### Saved entries
=-=-=

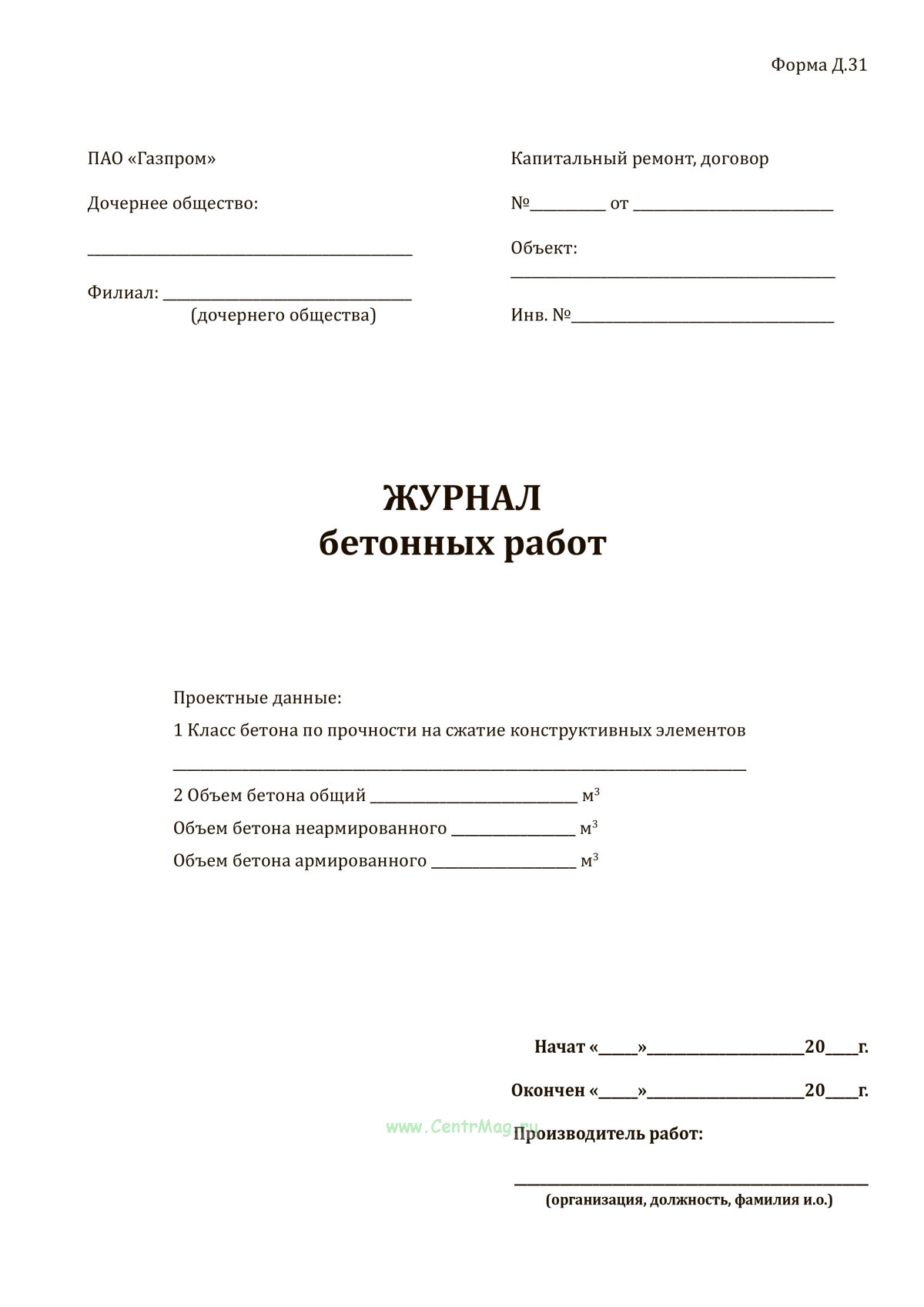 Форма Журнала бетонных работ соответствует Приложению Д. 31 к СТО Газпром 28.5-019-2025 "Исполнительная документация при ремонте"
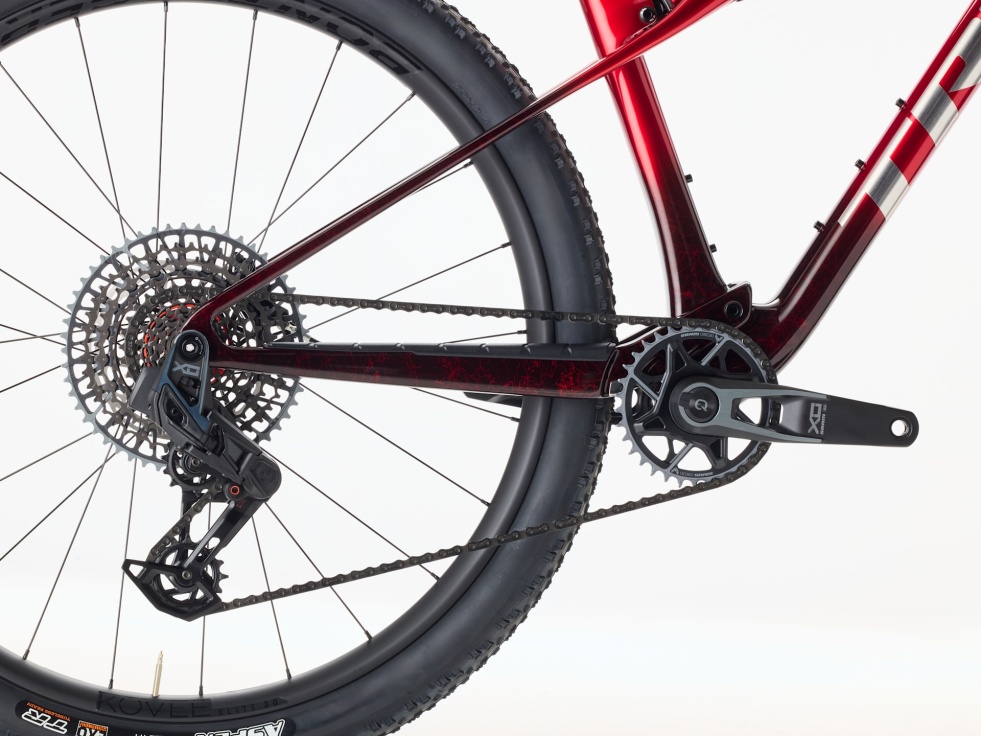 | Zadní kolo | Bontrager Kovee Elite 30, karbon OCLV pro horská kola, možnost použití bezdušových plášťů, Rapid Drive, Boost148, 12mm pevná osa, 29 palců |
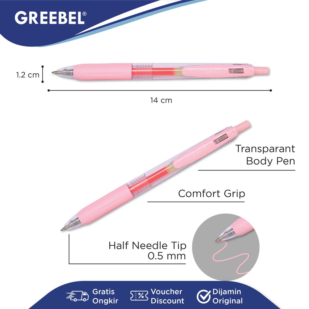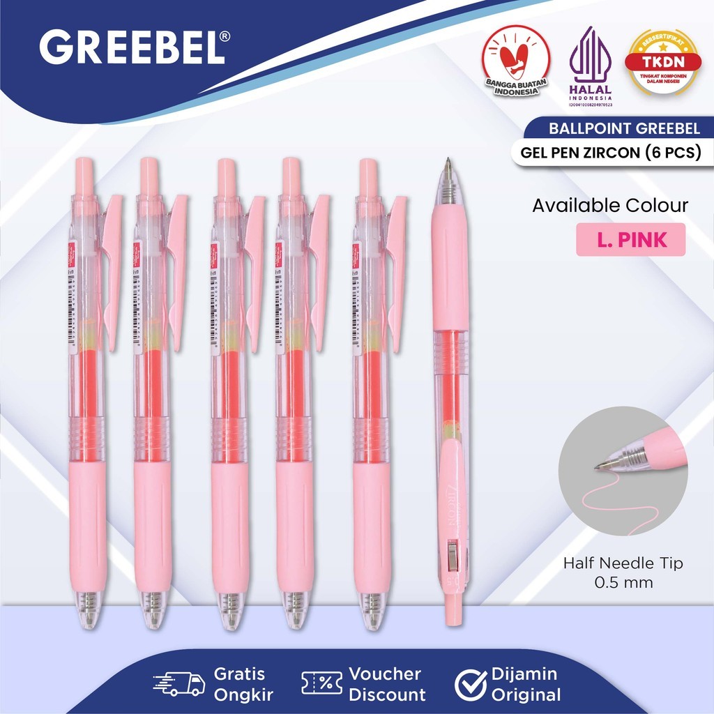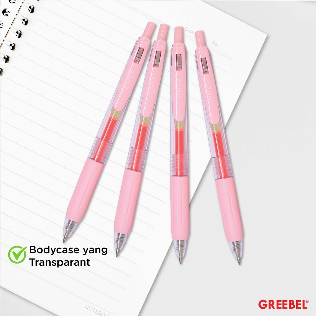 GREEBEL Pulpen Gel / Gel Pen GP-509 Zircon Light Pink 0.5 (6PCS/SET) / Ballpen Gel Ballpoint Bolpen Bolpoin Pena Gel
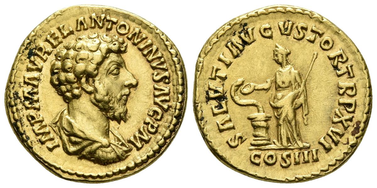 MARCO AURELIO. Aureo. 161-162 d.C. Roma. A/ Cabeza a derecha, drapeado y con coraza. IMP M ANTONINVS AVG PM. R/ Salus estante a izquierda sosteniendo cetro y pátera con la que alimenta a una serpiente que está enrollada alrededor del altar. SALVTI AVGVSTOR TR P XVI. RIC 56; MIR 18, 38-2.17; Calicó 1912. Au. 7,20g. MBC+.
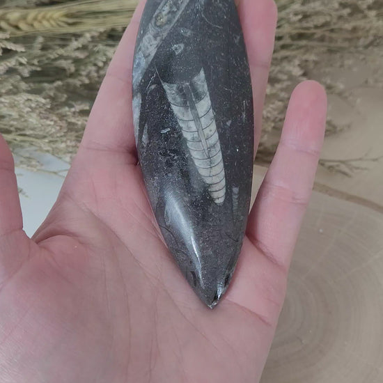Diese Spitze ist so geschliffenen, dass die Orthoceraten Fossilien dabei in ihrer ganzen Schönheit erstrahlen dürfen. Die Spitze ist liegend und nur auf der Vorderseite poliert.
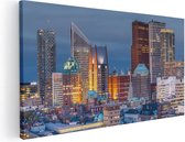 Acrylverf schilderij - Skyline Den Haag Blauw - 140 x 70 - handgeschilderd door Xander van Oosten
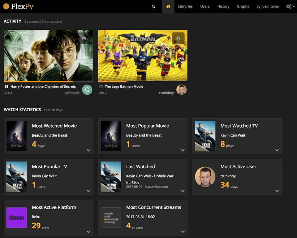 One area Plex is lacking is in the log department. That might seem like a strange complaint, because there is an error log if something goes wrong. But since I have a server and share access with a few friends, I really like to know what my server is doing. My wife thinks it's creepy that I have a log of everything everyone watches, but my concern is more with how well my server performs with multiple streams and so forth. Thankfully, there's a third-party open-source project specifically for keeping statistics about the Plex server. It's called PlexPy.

=-=-=

### Exercise brief
What you return must match the entries above exactly, apart from the pictures, which are left out.

### Task response
 Форма Журнала бетонных работ соответствует Приложению Д. 31 к СТО Газпром 28.5-019-2025 "Исполнительная документация при ремонте"
 | Zadní kolo | Bontrager Kovee Elite 30, karbon OCLV pro horská kola, možnost použití bezdušových plášťů, Rapid Drive, Boost148, 12mm pevná osa, 29 palců |
 GREEBEL Pulpen Gel / Gel Pen GP-509 Zircon Light Pink 0.5 (6PCS/SET) / Ballpen Gel Ballpoint Bolpen Bolpoin Pena Gel
 MARCO AURELIO. Aureo. 161-162 d.C. Roma. A/ Cabeza a derecha, drapeado y con coraza. IMP M ANTONINVS AVG PM. R/ Salus estante a izquierda sosteniendo cetro y pátera con la que alimenta a una serpiente que está enrollada alrededor del altar. SALVTI AVGVSTOR TR P XVI. RIC 56; MIR 18, 38-2.17; Calicó 1912. Au. 7,20g. MBC+.
Diese Spitze ist so geschliffenen, dass die Orthoceraten Fossilien dabei in ihrer ganzen Schönheit erstrahlen dürfen. Die Spitze ist liegend und nur auf der Vorderseite poliert.
 Acrylverf schilderij - Skyline Den Haag Blauw - 140 x 70 - handgeschilderd door Xander van Oosten
 One area Plex is lacking is in the log department. That might seem like a strange complaint, because there is an error log if something goes wrong. But since I have a server and share access with a few friends, I really like to know what my server is doing. My wife thinks it's creepy that I have a log of everything everyone watches, but my concern is more with how well my server performs with multiple streams and so forth. Thankfully, there's a third-party open-source project specifically for keeping statistics about the Plex server. It's called PlexPy.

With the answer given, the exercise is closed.